Anyway, also, from a purely theoretical standpoint, that patient is indeed unfalsifiable, as Giulio points out. There are infinite ways to make new facts compatible with his old theory about elephants, rooms, and hand clapping. He just have to add a new, ad hoc hypothesis, as all scientists have done for centuries to defend their theories. That lunatic might just say that - well, it always worked in the past, as facts prove his point, now somehow things changed. He simply needs to figure out another routine to prevent elephants from entering into the room. Most likely, the new routine will involve another subject that prevents him from clapping hands.

This is why Popper warned that unfalsifiable theories are not scientific. They are logical and everything. Just they fossilize our thoughts and cannot be refuted by any possible experimental evidence. That said, some of these anti-scientific theories are fundamentally important, even for science itself. Consider, for example, the principle of uniformity behind physical laws. Highly unfalsifiable, maybe even delusional, yet absolutely fundamental for what we have today in physics books.

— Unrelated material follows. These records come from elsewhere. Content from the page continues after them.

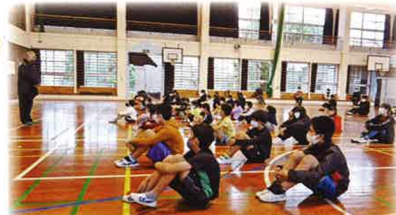
1月21日 波照間小中学校 25,286円

「沢山の皆様が賛同し資金を集めていただきました。今年は7,601円の募金額が集まることが出来ました。ありがとうございました。」
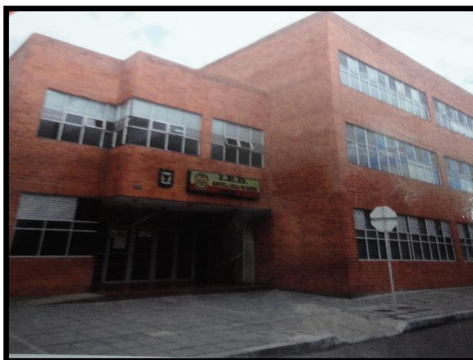
Fachada IED. Manuela Ayala de Gaitán. Sede B

Con la autorización de la directiva, se da acceso a una parte inicial del Proyecto Educativo Institucional, que aún se encuentra inconcluso. La coordinación con los docentes de la institución, permite organizar su historia, al igual que se hace un mejoramiento al plan de estudio y una actualización del Manual de Convivencia 2013-2014. Se retoma la información para poder dar a conocer parte de la historia de la Institución.
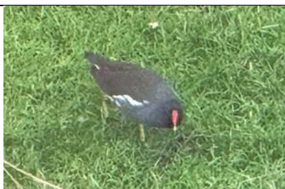
17/02, waterhoen , Delfgauw, Bart Hendriks

Dit is een erg klein paddenstoeltje van hooguit 1cm dat uitsluitend groeit op mannelijke elzenkatjes . De katjes zien er door aantasting van de schimmel verkoold (gemummificeerd) uit. Vooral in februari te vinden.
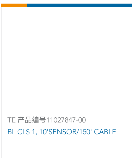
TE 产品编号11027847-00 BL CLS 1, 10'SENSOR/150' CABLE
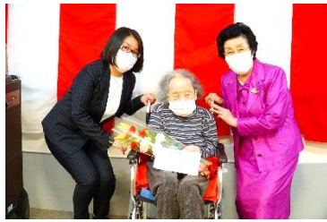
『101歳おめでとうございます(祝)』
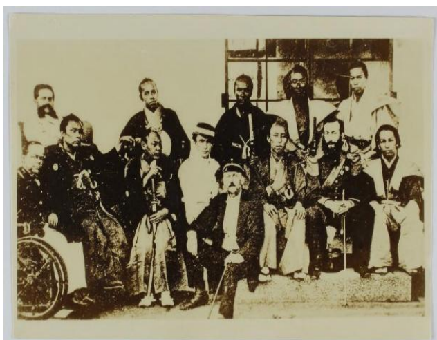
『ボードウケン・ハラタマ写真』 【甲雑/155/#】 ※貴重書

※QRコードは大阪府立図書館デジタルアーカイブ「おおさかeコレクション」へのリンクです。
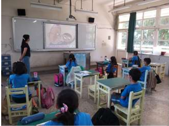
說明：觀看繪本動畫
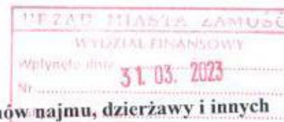
Tabela Nr 1.5
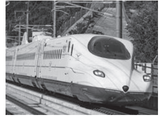
西九州新幹線N700S「かもめ」

2022年9月23日に西九州新幹線 武雄温泉～長崎間が開業しました。博多から長崎まで最速1時間20分、西九州への旅がますます便利になりました。また昨年度スタートした列車荷物輸送サービスも、お取り寄せ通販サービス「つばめマルシェお取り寄せっ!便」の開始やバスとのリレー物流、宅配事業者との連携などサービス拡大中です!
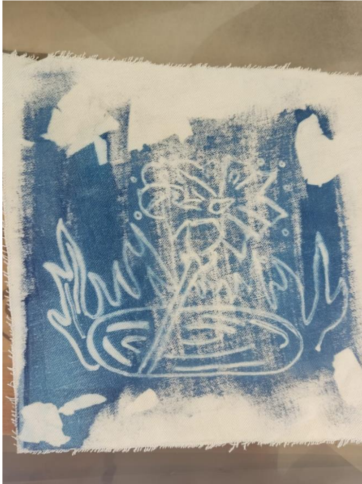
Ilustración 16 Cianotipia final participante 1
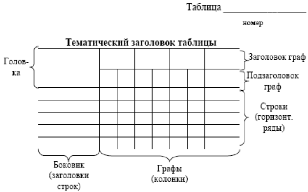
Рис. 1. Структура таблицы
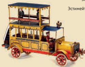
Двухэтажный автобус «Berliet Parisian», Фирма «Pinard», Париж, ок. 1905

Большой раритет! Эстимейт: € 6.000–8.000 / $ 8.000–11.000
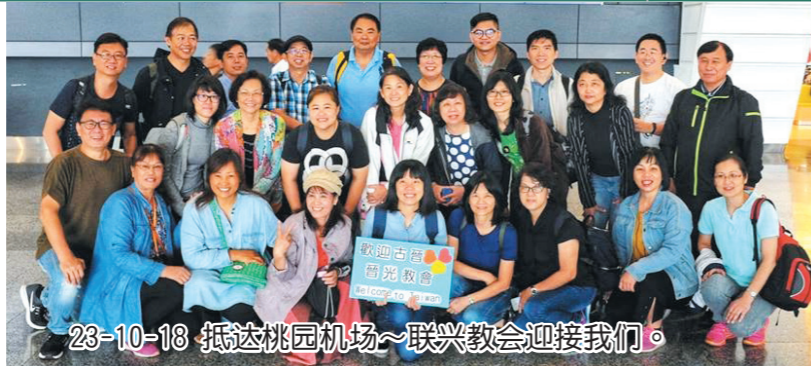
23-10-18 抵达桃园机场~联兴教会迎接我们。
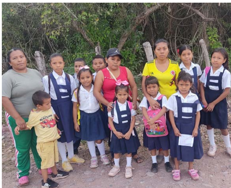
Las mamás están pidiendo una pronta solución ya que sus pequeños hijos e hijas son los más afectados.

Caminar más de dos kilómetros que separan a la única escuela rural de las fincas ubicadas en la vereda Juncalipito, jurisdicción del municipio de Villanueva, se ha convertido para los estudiantes y padres de familia en una odisea ya que en esta ruta no cuentan aún con el transporte escolar.
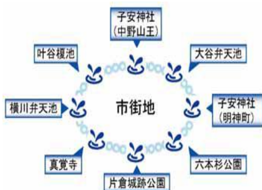
「八王子湧水ネックレス構想」イメージ

「叶谷榎池」「六本杉公園」の他にも、八王子市内にはいくつもの湧水があります。ここでは代表的な「八つの湧水」を紹介します。
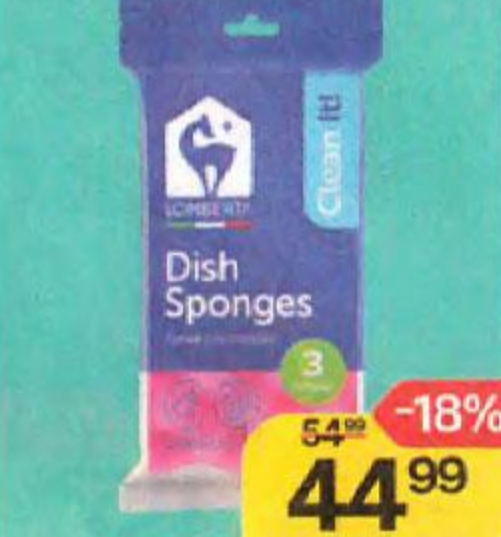
Губки для посуды LOMBERTA кухонные 3шт., 1 уп.
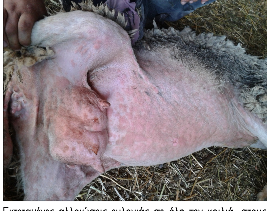
Εκτεταμένες αλλοιώσεις ευλογιάς σε όλη την κοιλιά, στους μαστούς, τους μηρούς ,τα γεννητικά όργανα και τη βάση της ουράς . Κοκκινίλες (κηλίδες) και κόκκινα σπυριά (βλατίδες).
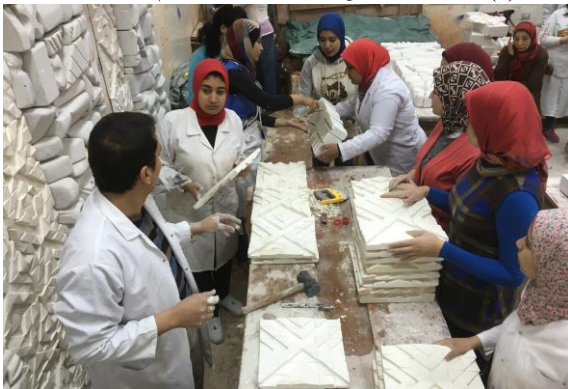
شكل (٧) تجميع وتركيب البلاطات الجبسية والقوالب الحجر على الحائط

This is why I do not consider Sugiyama’s beliefs particularly important. If he castrated himself because of some pathology, he might have rationalized his actions in some way, to make them appear as the logical consequence of some (more or less delusional) belief. We all do it. What matters is weather or not he is going to feel better now, and in the following years. The only factor that should matter to a compassionate fellow human being is - Sugiyama’s happiness, on the long run. Does it make any sense to care about true beliefs here, or anywhere outside a lab?





saltus in demonstrando?





@Peter
By the way, at the moment, the mainstream treatment for similar compulsive disorders does not involve reasoning indeed. Typically, the psychiatrist challenges the patient to complicated even more his routine(s). The idea is to arrive to a point when the patient himself will not be able anymore to perform his demanding rituals - and will drop them altogether. One man, for example, had always to return twice to his home, to check if he closed all windows. The doctor motivated him to check also doors, drawers, and so on. Soon, the poor man became so busy that he returned to the doctor saying that he just could not do it - and he quit (most) of those rituals.

It is important to note that - there is no cure for compulsive disorders in general. However with that strategy many cases have been almost solved. So, Peter, in case you need to count how many times you chew before swallowing, or in case you you need to check five times the alarm settings - just make things worse first, it will get better eventually smile





I’m a bit suspicious of “there is no cure”-type comments in medicine, which is indeed rife with limiting beliefs. I suspect that one can do much more with mindfulness techniques then many medical professionals, even specialists, are aware of. I’ll admit that this is essentially speculative, but somehow there must be a way to reprogram the way in which the urge is being processed by the brain. Labelling something as a “compulsive disorder” can be helpful, but not if it leads to learned helplessness.

Anyway we’re straying off topic. My main point was that what one might wish to do clinically in the case of an individual that is using an obviously false belief to justify compulsive behaviour may be of limited relevance with regard to what we should do about delusional beliefs that are circulating in wider society.